For this study, we selected hypospadias cases and controls that were recruited at birth in the maternity ward of the University Hospital in Rennes during the first 15 months of enrolment (between October 7, 2012 and January 6, 2014).

During the inclusion period, ~5,000 livebirths were recorded in the maternity ward. Cases (N = 11) consisted of male live births diagnosed with hypospadias on the first day of life by a pediatrician. They represented 69% (11/16) of the eligible children born in the maternity during the same period and diagnosed with hypospadias within the first day of life (before expelling the meconium). Hypospadias was defined as an abnormal location of the urethral orifice on the ventral surface of the penis and coded using the International Classification Disease 10 (ICD 10), following EUROCAT guidelines (21). This classification is based on the location of the ectopic meatus, i.e., balanic (Q540), penile (Q541), penoscrotal (Q542), or perineal (Q543). Hypospadias associated with chromosomal and genetic conditions was excluded. All cases were confirmed by a pediatric surgeon and included in the Brittany registry of congenital anomalies.

Controls (N = 47) consisted of male live birth controls of all PENEW cases (excluding those of syndromic and chromosomic cases) with available meconium analysis (N = 46) and delivered during the same time period. This enabled us to obtain a ratio of one case to four controls to maximize the power of the study.

Data Collection

During their stay in the maternity ward, the mothers completed a questionnaire after delivery that provided information on their medical history, tobacco exposure during pregnancy (maternal consumption and passive smoking), alcohol consumption, medication during pregnancy, food habits, and occupational and domestic exposure to a large number of environmental pollutants.

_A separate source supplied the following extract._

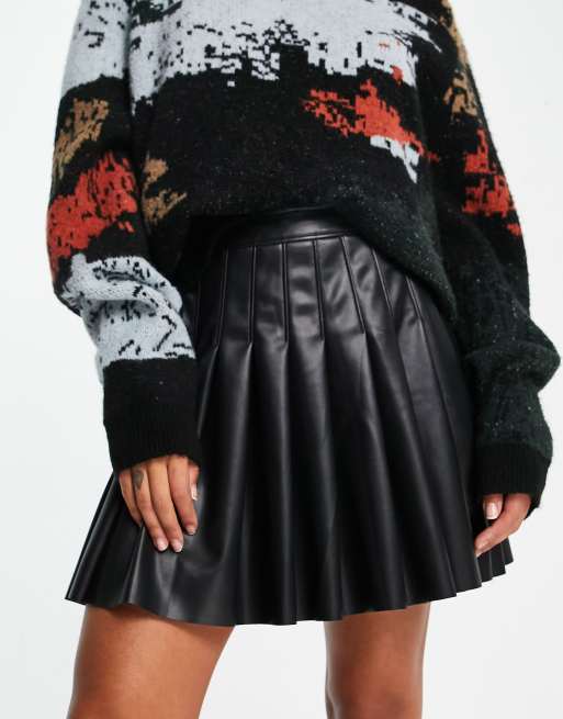 Minifalda negra plisada de tejido efecto cuero de Topshop

Medical data, including obstetrical history, the health of the newborn, and a description of the malformation (for cases), came from hospital medical records, including clinical examination by the pediatrician before discharge and follow-up by pediatric surgeons.

Indirect Assessment of Exposure to Solvents

We assessed maternal occupational exposure to solvents during pregnancy using two job-exposure matrices (JEMs) constructed by Santé Publique France (French national public health agency), one concerning petroleum solvents (22) and the other concerning chlorinated solvents (23). Each allowed the assessment of exposure to the family of solvents in a single group (petroleum and chlorinated solvents) and to subgroups of solvents within each family: benzene, other aliphatic mineral spirits, motor gasoline, white-spirits, and other light aromatic mixtures, gasoil, fuels, and kerosene for petroleum solvents and chloroform, methylene chloride, tetrachloroethylene, trichloroethylene, and 1,1,1-trichloroethane for chlorinated solvents.

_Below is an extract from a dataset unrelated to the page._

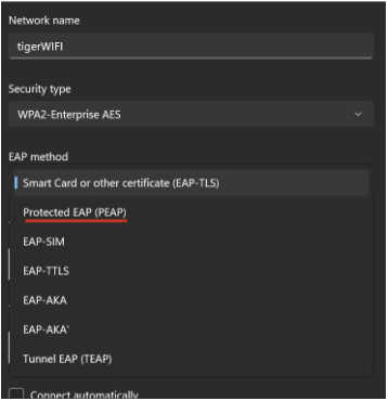 6. TigerWIFI will be labeled as Connected in your list of WiFi networks.

In addition, information about the domestic use of products containing solvents during pregnancy was collected from the questionnaire: frequency of damp cleaning (<5 times/month, between 5 and 20 times/month, more than 20 times/month), home renovation activities (yes/no), and other chemicals used during leisure activities (yes/no) during pregnancy.

Meconium Collection

Three meconium samples were collected into dedicated stool-culture containers by healthcare staff within the first 2 days of life following a standardized procedure for both cases and controls. Only water and cotton pads were used to clean the diaper area, excluding any use of cream or lotions. The healthcare staff was instructed to use gloves (without talc) instead of hydroalcoholic gel during collection to prevent any contamination of the samples. Samples were immediately frozen and initially stored in a dedicated freezer at −20°C, in the maternity ward, and then transferred to The French National Institute for Industrial Environment and Risk (INERIS) laboratory and stored at −80°C until analysis.

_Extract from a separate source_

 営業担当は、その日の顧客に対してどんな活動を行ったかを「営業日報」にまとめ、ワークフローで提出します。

Possible contamination of the diapers by BTEX or chlorinated solvents that could have led to the contamination of the meconium samples was assessed by analyzing the three references of diapers used in the maternity ward during the study period. Details of the chemical analysis, including quality assurance and quality control (QA/QC), are provided in Supplementary Material 1. Under these conditions, no BTEX or chlorinated solvents were quantifiable in the three references, except toluene, which was detected at slightly above the limit of quantification for only one.

Chemical Analysis of Meconium Samples

Meconium samples were analyzed by the INERIS laboratory. A specific analytic method based on headspace (HS) solid phase microextraction (SPME) gas chromatography coupled with mass spectrometry (GC/MS) was developed to detect and quantify aromatic hydrocarbons “BTEX” (benzene, toluene, ethylbenzene, and o,m,p-xylene) and two chlorinated solvents (trichloroethylene and tetrachloroethylene). This method has been described elsewhere (24). The limits of quantification (LOQ) ranged from 0.08 ng/g of meconium (tetrachloroethylene) to 0.12 ng/g (benzene, toluene) (24). Metabolites of BTEX [o-cresol, hippuric acid, mandelic acid (MA), 2-methylhippuric acid (MHA), S-phenylmercapturic acid (s-PMA), and benzylmercapturic acid (s-BMA)], and one metabolite of styrene and ethylbenzene [phenylglyoxylic acid (PGA)] were analyzed by liquid chromatography coupled to tandem mass spectrometry (LC/MS/MS) according to a previously described method (25). The limits of quantification ranged from 4.8 ng/g (MHA) to 174.7 ng/g (o-cresol) (25). Analyses were blindly performed for cases and controls.

Statistical Analysis

Concentrations of chemicals were classified into quartiles. For association analyses, two categorizations were considered with different cut-offs according to the frequency of quantification among controls. The cut-off was the third quartile if the quantification frequency was above 50% (i.e., for toluene, benzene, and trichloroethylene) or the limit of quantification if the quantification frequency was below 50% (i.e., for other solvents).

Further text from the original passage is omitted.